While slow compared to the highway you were on earlier, the trip through Django
was pretty fast. You've now got the full response in tow and need to head home
to the browser. On your way, you'll pass back through each layer, checking in a
copy of your response with the per-site cache in Django and again with the web
accelerator on your way out to the internet.

-----

How long did your little request journey take? Surprisingly, all this happens in
just a fraction of a second.

When you start looking at your own application's response times, here are some
rough numbers you can shoot for. If your application is five times slower,
there's going to be a lot of room for improvement.

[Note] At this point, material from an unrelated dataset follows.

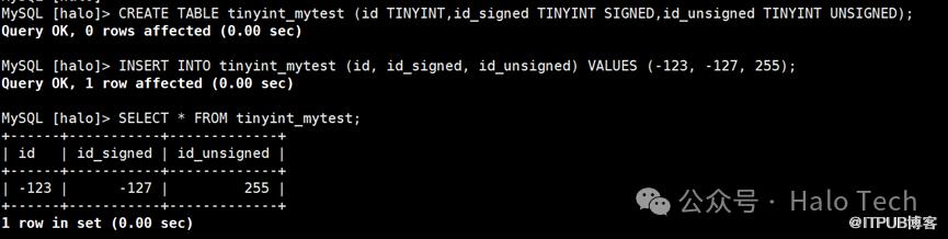 CREATE TABLE tinyint_mytest (id TINYINT,id_signed TINYINT SIGNED,id_unsigned TINYINT UNSIGNED);INSERT INTO tinyint_mytest (id, id_signed, id_unsigned) VALUES (-123, -127, 255);SELECT * FROM tinyint_mytest;
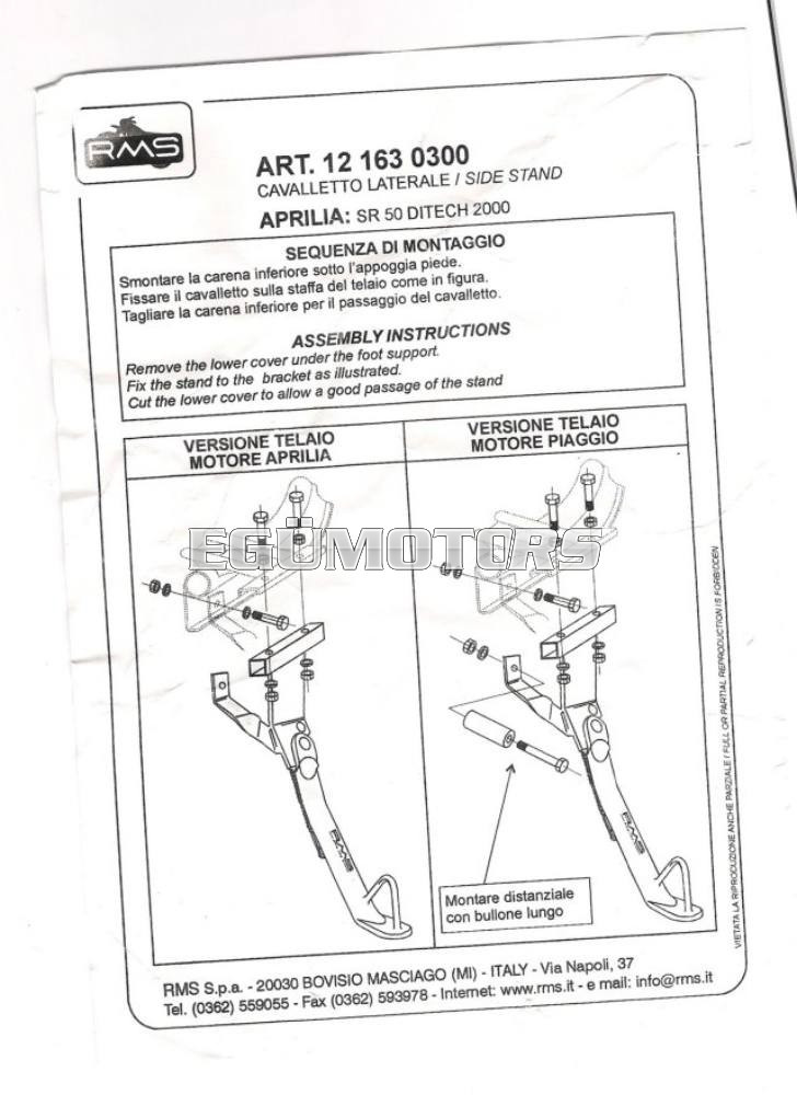 Olasz RMS gyártmányú, vasból készült, feketére festett oldalsztender. A konzol horganyzott felületet kapott, így jobban ellenáll az időjárásnak és a párának. A csomag tartalmaz a felszereléshez szükséges minden darabot.

========= =========================
Estimated Response Times
===================================
10ms      Varnish cache hit
35ms      Django per-site cache hit
100-300ms Django with warm cache
500ms-2s  Django with cold cache
========= =========================

Breaking it down further, for requests passing through to Django the total time
spent should not be overwhelmingly dominated by a single component (database,
cache, etc.). The majority of time should be spent working in Python with no
more than 30% or so spent in any given component.

How's your Django app compare? Is there room for improvement? In the next
chapter we'll explore the development process and show you how and where to
optimize your application as you build it.